Purpose of the Documentation Page

It is intended to give an educational introduction on the subject – a general idea and an overview. For specific technical questions, please consult the respectively dedicated docu pages.

What do we mean by Job-/Task-Farming? (When to use job farming?)

The common HPC cluster job approach is to place one workflow into one job. Resource managers like Slurm provide already the "job" as the unit for a work item. Users can submit one or more jobs, which are then independently scheduled on the available resources, which are maintained by the resource manager and scheduler (Slurm).

However, on many HPC centers, so also at the LRZ, cluster resources are available as full compute nodes - exclusive to the current user job. As modern compute nodes contain a rather large parallel capacity (many CPUs), and large amounts of memory, some software or application cases may not be capable to fill them reasonably – either because the cases are too small, or the software is not able to scale (i.e. to reasonably exploit more parallel resources efficiently). That represents sort of waste, because it causes idling resources.

In classical HPC, there are two approaches to increase the resource usage efficiency:

optimization of software (detecting possibilities for parallelism, identification and removal of bottlenecks that prevent parallelism, ...)
bundle many smaller none- or only weakly-parallelizable tasks – but then MANY of them -- into a job-/task-farming job. (These tasks, we then call sometimes "sub-jobs" to distinguish them from the containing larger job.)

This second approach, we usually refer to as task-/job-farming jobs.

Now, because a containing (Slurm) job allocates some resources (say, a number of compute nodes) for a certain period of time (the Slurm job's wall-clock time), there is a difficulty placed on the user:

The user is now responsible for the distribution of the single tasks/sub-jobs to the resources available – possibly as efficient as possible.
The user is responsible to respect some dependencies between these tasks (one task may only run after the successful execution of another one)
The user must do bookkeeping over the set of tasks/sub-jobs – i.e. keep track of what did and what did not yet run successfully.

The first one can be answered by using dedicated tools (srun within Slurm, Flux-Framework, etc. ... sort of resource manager and scheduler within a Slurm job).

For the second point, there exist also already a list of possible tools (workflow tools - like radical cybertools, nextflow, ... ).

These workflow tools answer in part also point 3. What is meant is that the covering overall job might stop (timeout or premature abort due to some system error) before all tasks could run and finish.

So, a normal HPC user has a single or very few workflows, but with large request for parallel resources (CPUs, memory). A job farmer has many (possibly the same) workflows, on many/large amount of data. And therefore requires large(r) amount of parallel resources.

At times, there are certainly mixtures of both.

Which categories of Job-/Task-Farming exist (at least)?

The word "category" is maybe not fully suitable.

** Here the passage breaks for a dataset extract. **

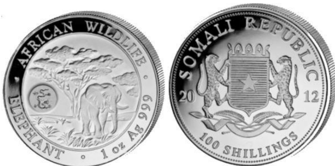
*SOMÁLIA- 2012, Fauna da África – elefante. Moeda de 100 shillings – material: prata 999/1000; peso: 31,1g; diâmetro: 38,6mm.

What we mean is that depending on the characteristics of the single tasks, one can find simplified solution patterns for realizing/implementing task-farming workflows.

The normal/classical HPC Case

For instance, a single parallel MPI program on 2 compute nodes with say 20 CPUs per core runs for a period of time. One can usually assess from simple test, e.g. haw many time-steps in a CFD simulation are required until convergence is reached. This assessment plus some checkpointing/restart strategy (every now and again, the current simulation status is written to disk, from where one can start another simulation later) plus some safety margin (say 10% of the time assessment) is then used as the Slurm job's wall-clock time specification. The two nodes were chosen because some test before showed that 2 nodes contain enough RAM (memory) to contain our CFD case. Furthermore, we could see that for 40 CPUs we have substantial speedup (acceleration) in comparison to a serial (1 CPU) simulation. On the other hand, using more than 40 CPUs (2 nodes) does not significantly improve speedup over 2 nodes. So using more nodes doesn't help more (parallel efficiency drops below 70%, say ... see below; and Amdahl's Law).

These are the considerations, a normal HPC user with a sufficiently parallel tool/software approaches a computer center cluster. One workflow into one job.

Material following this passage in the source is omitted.